Put A Red Rose On Their Grave

Just press play:

Poor quality vid, high quality glam

Here’s an unfairly forgotten LP that nobody apart from me seems to have treasured down the years, Roxx Gang Things You’ve Never Done Before from 1989. I loved it the first time I heard it in my girlfriend’s car and I love it now in a far less excited state. Opener ‘Scratch My Back’ just sounds like the good bits of my late teenage years, all flash, promise and dashboard lights.

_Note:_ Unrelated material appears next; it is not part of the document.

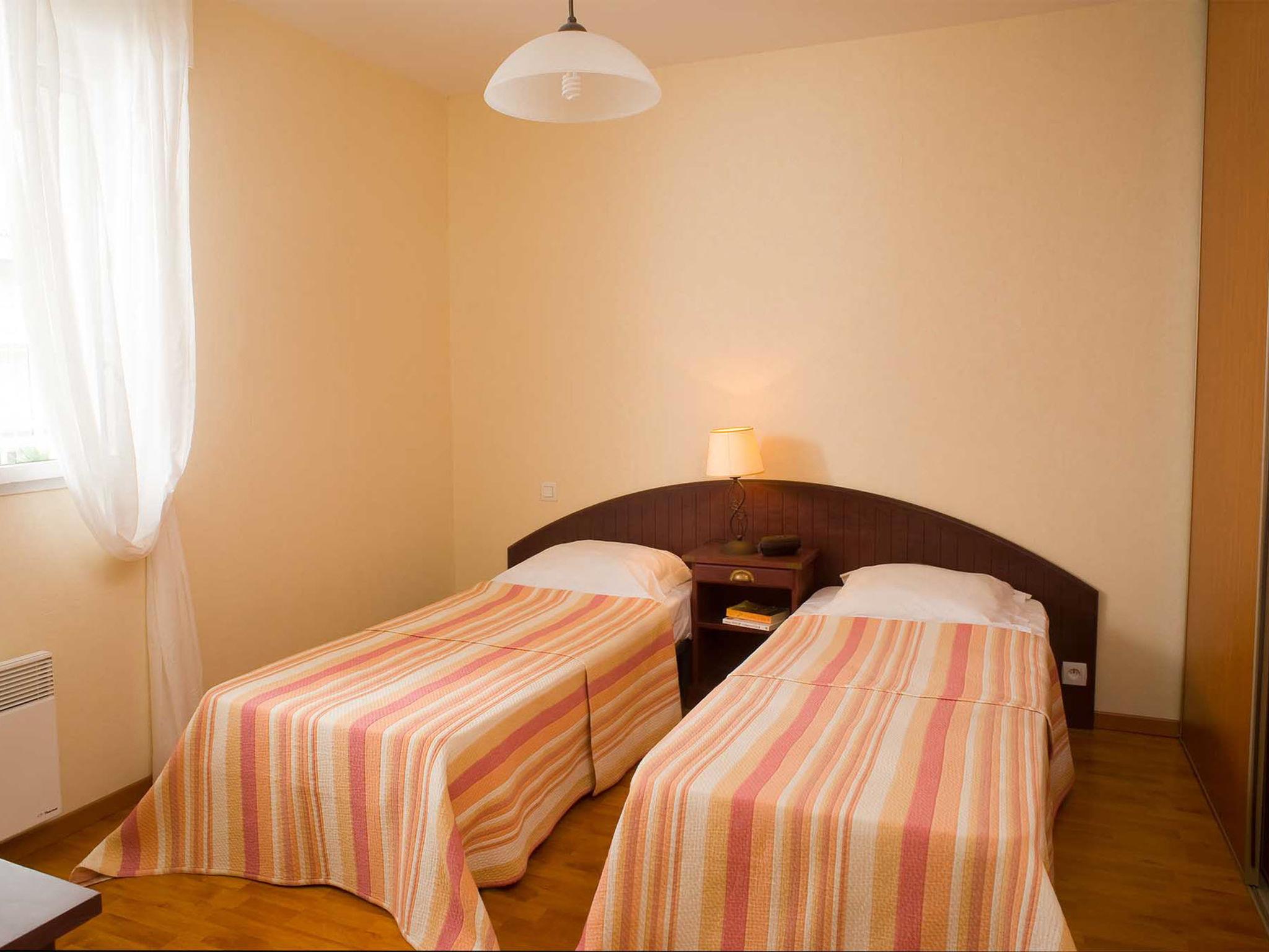 "Le Domaine de Fontenelles", 3-room apartment 60 m2. Bright, practical and beautiful furnishings: living/sleeping room with 1 double sofabed, dining table and TV can be hired. Exit to the balcony. 2 rooms, each room with 2 sleeping facilities. Kitchenette (4 hot plates, oven, dishwasher, toaster, kettle, electric coffee machine). Bathroom, sep. WC. Electric heating. Balcony or terrace. Terrace furniture, balcony furniture. Please note: non-smokers only. Maximum 2 pets/ dogs allowed. Smoke alarm, fire extinguisher.

You come around my door just about midnight
Well I can’t say no to somethin’ feels so right
I don’t care who knows or who sees
I just want to feel you wrapped around me


Roxx Gang hailed from St Petersburg, Florida and Things You’ve Never Done Before was their debut LP on Virgin Records*, made after original guitarist Eric Carrell died. The LP cover tells you a lot of what you need to know about the chaps, I like the whole tight pleather and cowboy boots chic; very practical for performing a wide range of household chores in, as long as no bending was required I imagine. I would like to single out guitarist Wade Hayes for his spotty boots and bassist Roby ‘Strychnine’ Strine for rocking some seriously bouffy hair, well played those men.

Mandatory sartorial daftness aside, Roxx Gang were a serious unit on their debut album. There is an expected cut and swagger involved in making this type of music, granted but they have a great way with a tune and throw in a lot of unexpected melodic choices and curves. The first four tracks on Things You’ve Never Done Before are way up there with the best of any of their direct contemporaries and deserve a lingering fingering.

You have heard the opener, I love the snap and bite of it and the big gang chorus and it fulfils 1537’s 145th Law which is that ‘the opening track of any glam rock LP has to be about sweet sweaty trouser concerns’**. Word up.

Second track ‘No Easy Way Out’ was far better, even. There was something slightly ominous, eerie and powerful in the guitar intro, certainly for a glam metal track. The whole cut was slower paced and menacing, it also really showed Kevin Steele’s voice off to absolute best affect. Top marks.

The Devil looked at me with an evil smile
He said, "We're racin' for your soul this next quarter mile"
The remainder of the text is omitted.